» Task item: Exclude images; transcribe the rest of the data exactly.
[Working data — start]
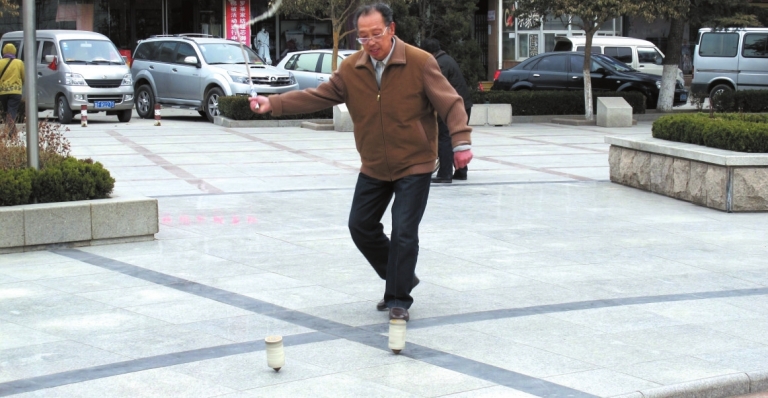 區(qū)府廣場上,一群晨練的居民用鞭子抽打陀螺的啪啪聲和陀螺旋轉時的嗡嗡聲,吸引了許多路人“粉絲”的圍觀。陀螺在清晨的陽光下“翩翩起舞”,這種懷舊的游戲已然成為了休閑健身的一道亮麗風景線。
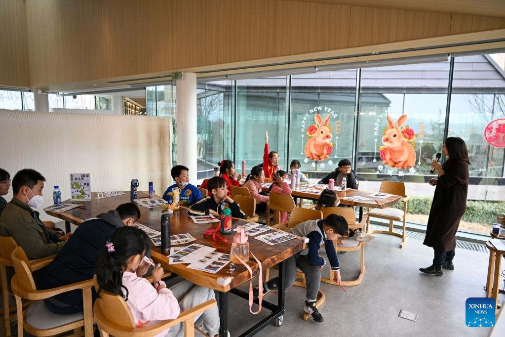 Children learn to make handicrafts out of recycled materials at the "eden Chunshanli" life demonstration area in Jizhou District, north China's Tianjin, March 11, 2023. (Xinhua/Sun Fanyue)
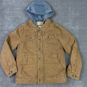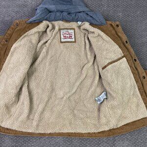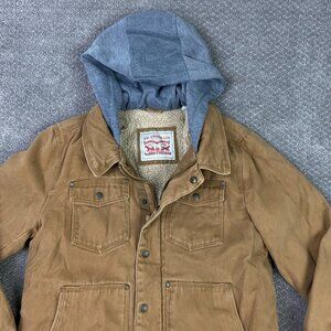 Levi's Canvas Jacket Men's Small Tan Khaki Sherpa Fleece Lined Hooded
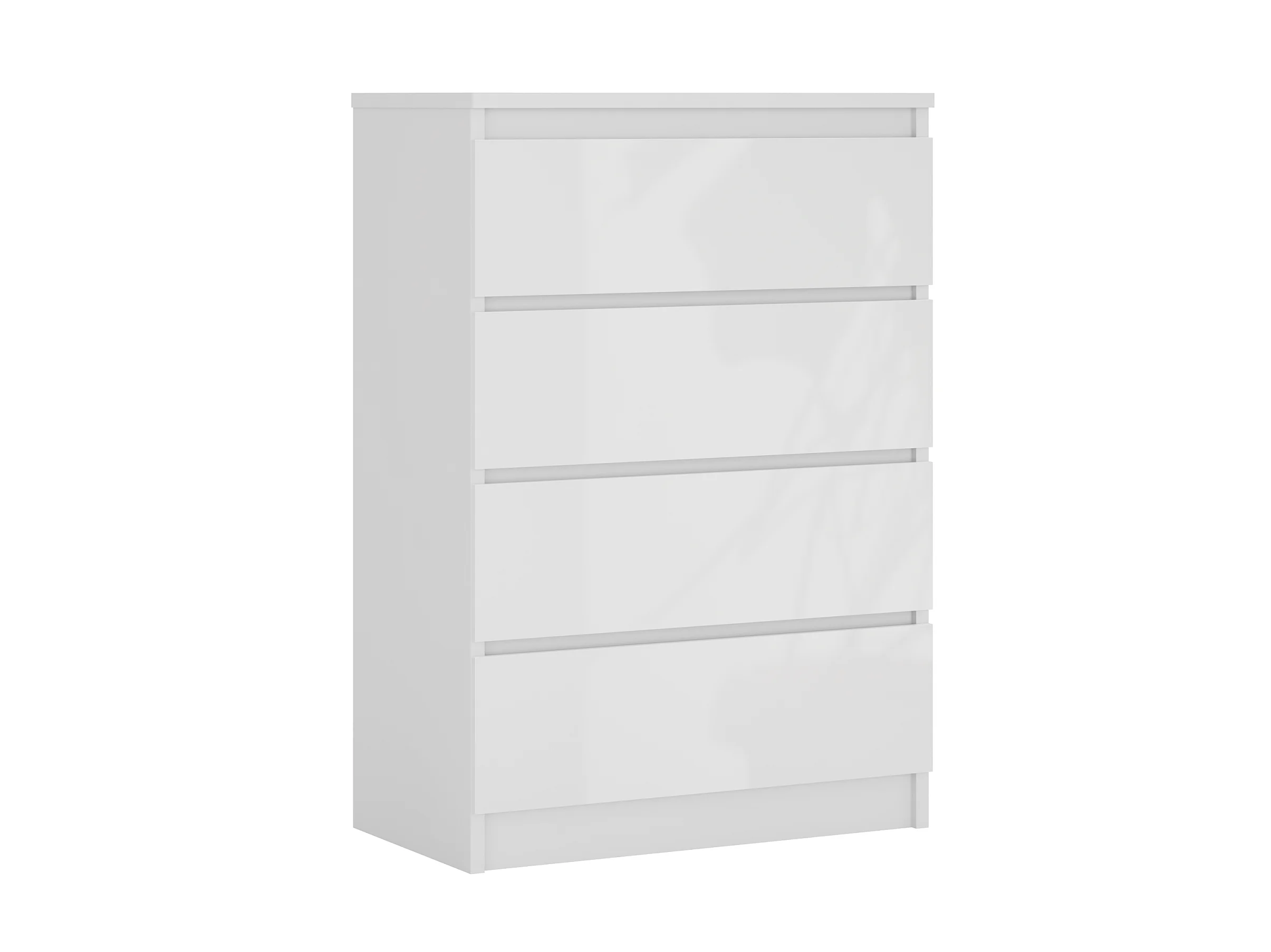 Kommode mit 4 Schubladen: Mattweiß / Hochglanzweiß, 70 x 39 x 101 cm
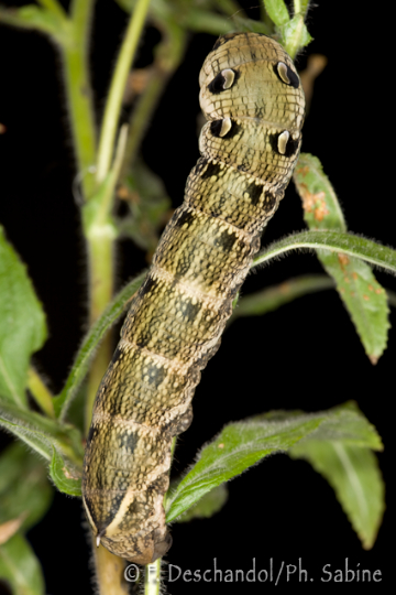 : Grand Sphinx de la Vigne (Deilephila elpenor), chenille 5ème stade, forme olive (intermédiaire), Rogerville (76), France.
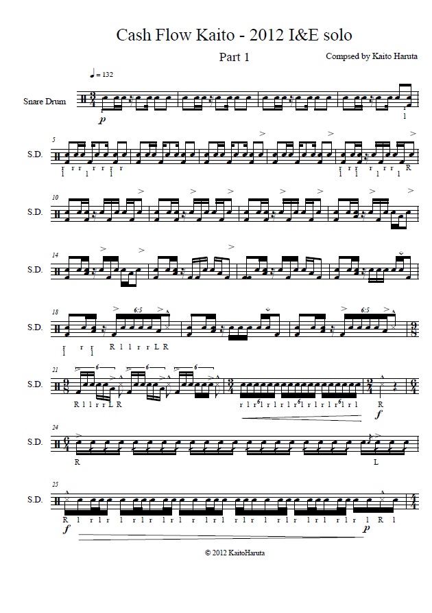 2012年、Drum Corps International Open Class Individual & Ensemble Contest Snare Solo部門にて優勝 動画はこちらから
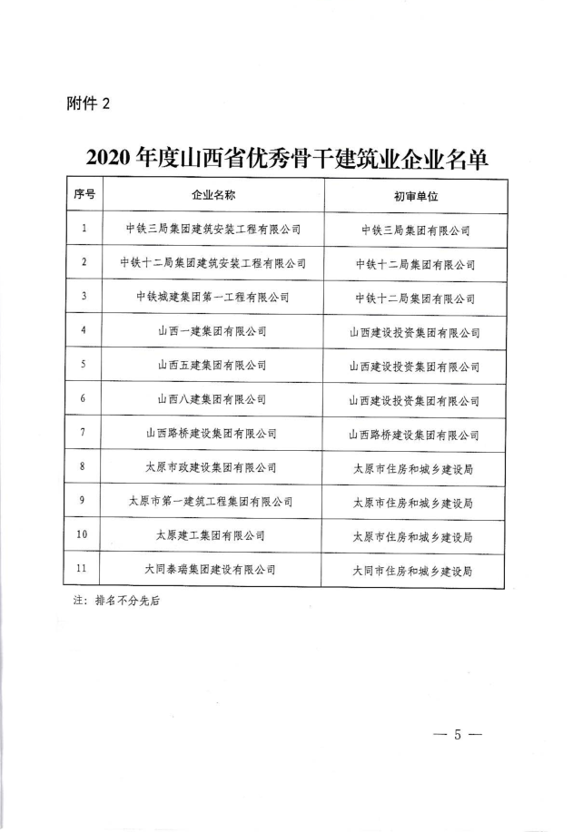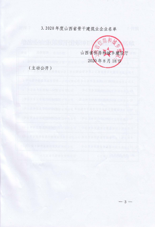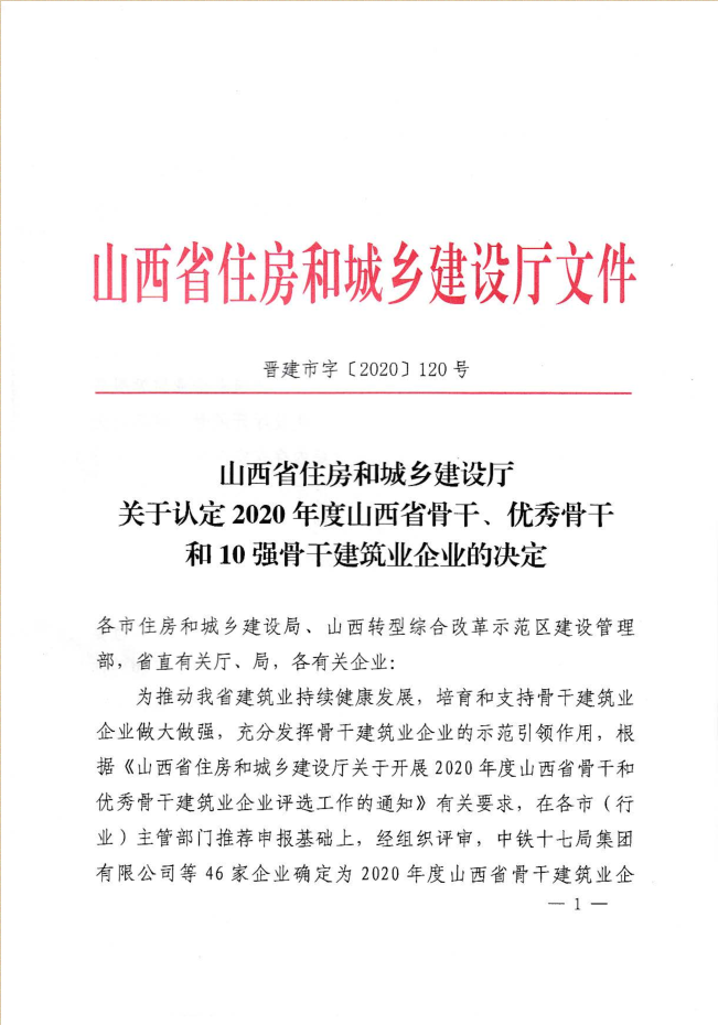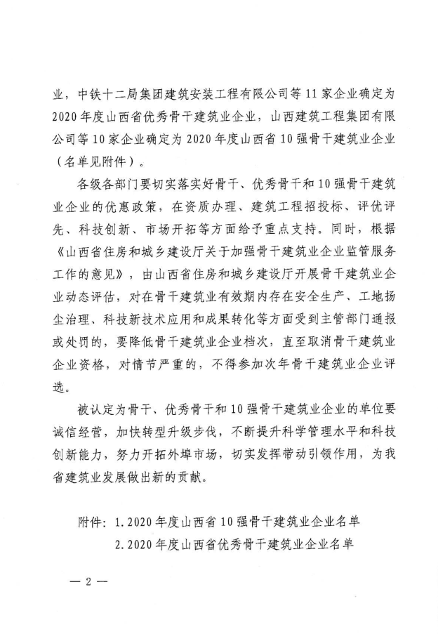 近日,山西省住房和城鄉(xiāng)建設(shè)廳發(fā)布《關(guān)于認定2020年度山西省骨干、優(yōu)秀骨干和10強骨干建筑業(yè)企業(yè)的決定》,集團公司再次被認定為“山西省優(yōu)秀骨干建筑業(yè)企業(yè)”。
[Working data — finish]
» Reply to the task:
 區(qū)府廣場上,一群晨練的居民用鞭子抽打陀螺的啪啪聲和陀螺旋轉時的嗡嗡聲,吸引了許多路人“粉絲”的圍觀。陀螺在清晨的陽光下“翩翩起舞”,這種懷舊的游戲已然成為了休閑健身的一道亮麗風景線。
 Children learn to make handicrafts out of recycled materials at the "eden Chunshanli" life demonstration area in Jizhou District, north China's Tianjin, March 11, 2023. (Xinhua/Sun Fanyue)
 Levi's Canvas Jacket Men's Small Tan Khaki Sherpa Fleece Lined Hooded
 Kommode mit 4 Schubladen: Mattweiß / Hochglanzweiß, 70 x 39 x 101 cm
 : Grand Sphinx de la Vigne (Deilephila elpenor), chenille 5ème stade, forme olive (intermédiaire), Rogerville (76), France.
 2012年、Drum Corps International Open Class Individual & Ensemble Contest Snare Solo部門にて優勝 動画はこちらから
 近日,山西省住房和城鄉(xiāng)建設(shè)廳發(fā)布《關(guān)于認定2020年度山西省骨干、優(yōu)秀骨干和10強骨干建筑業(yè)企業(yè)的決定》,集團公司再次被認定為“山西省優(yōu)秀骨干建筑業(yè)企業(yè)”。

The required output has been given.